Fig. 1. Visual comparison of the M50-O (top) and M50-OS (bottom) and illustration of the deformable thoraco-abdominal region of each model.
Fig. 1. Visual comparison of the M50-O (top) and M50-OS (bottom) and illustration of the deformable thoraco-abdominal region of each model.

The deformable flesh components are majority hexahedral elements with a hemispherical tetrahedral element region used locally around major articulations (for positioning purposes). In the M50-O, the flesh was modeled using a hyperelastic material that can incorporate strain stiffening via a uniaxial load curve (Yamada and Evans Citation1970) and is based on the Ogden rubber model. Because this material model (*MAT_SIMPLIFIED_RUBBER) was relatively computationally expensive, the M50-OS utilizes a direct implementation of Ogden rubber (*MAT_OGDEN_RUBBER) that was determined to be well suited for white adipose tissue (Egelbrektsson Citation2011). The parameters for this material were determined by running the uniaxial compressive simulation using the parameters provided by Egelbrektsson (Citation2011) to obtain a force–deflection curve. This curve was subsequently stiffened at high strains (>35%) by increasing the corresponding force by 50% for stability.

The viscera in the thoraco-abdominal cavity were modeled as a 2-layered homogeneous component separated at the location of the diaphragm (). The upper section was subsequently split into 2 additional components with a low-shear region at the center of the chest cavity to mimic the presence of fluid and to tune the response in frontal impacts. These 3 sections were modeled as a highly compressible low-density foam that is commonly used to model ATDs (Canha et al. Citation2000), but the load curve defining the nominal stress versus strain and elastic modulus was specific to each region and obtained using the methods described previously. The outer component of the thorax cavity was modeled using the compressive properties of the lung (Yuen et al. Citation2008). The inner, low-shear region of the thorax was consistent with the compressive behavior of a heart tissue model (Deng et al. Citation1999) and the abdomen section utilized the compressive behavior of the liver (Lee and Yang Citation2001).

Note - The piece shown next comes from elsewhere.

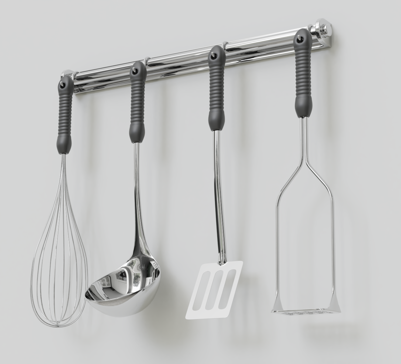 General Information: All objects use real world scale. To use the model in your scene simply append the collection named "kitchen_toolset_rail" and move it to the right place. All the parts are hierarchically parented, so i.e. moving a hook moves also the tool hanging on that hook, and moving the base of the rail moves all the toolset. The mesh object named "rail_base" is at the top of the parent tree, so use it as a handler when moving or rotating tis model along your scene.

The rib cage retained the same properties as the M50-O but utilized a coarser mesh. A uniform thickness of 0.75 mm was applied to the cortical bone layer, shown in . Because of the mesh difference, a study on the force deflection response of the rib cage at localized areas was conducted and compared against literature as well as the M50-O. A segment-based contact around the clavicle was defined to increase stability and to improve the response to seat belt loading. A tied contact was defined to prevent separation of the rib cage and the thoracic flesh. The thoracic spine, lumbar spine, costovertebral joints, and upper extremity joints all retained the same definitions as in the M50-O. The constraints in the thoracic spine and costo-vertebral junction utilize a generalized constrained joint that was retained from the M50-O occupant model and are based biomechanical tests of these locations (Duprey et al. Citation2010). The lumbar intervertebral discs were also retained from the M50-O, incorporating 1D elements to allow for motion between vertebral bodies.

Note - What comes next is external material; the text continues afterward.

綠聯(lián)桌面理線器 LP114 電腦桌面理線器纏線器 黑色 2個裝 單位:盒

The pelvic bones utilized the same surface mesh from the M50-O (quadrilateral shell) but are modeled as rigid shells. Due to the organic shape of the pelvis, a tetrahedral region of elements was used between the outer flesh and the pelvis. This inner flesh layer is defined as *MAT_FU_CHANG_FOAM, which has proven to be stable in high lateral force impacts. This material model performs well in rate-dependent impacts and has been used as an alternative to low-density foam (Serifi et al. Citation2003). A segment-based contact was defined between the 2 flesh layers (stiffer inner and more flexible outer) in the pelvis to increase stability in large deformation simulations.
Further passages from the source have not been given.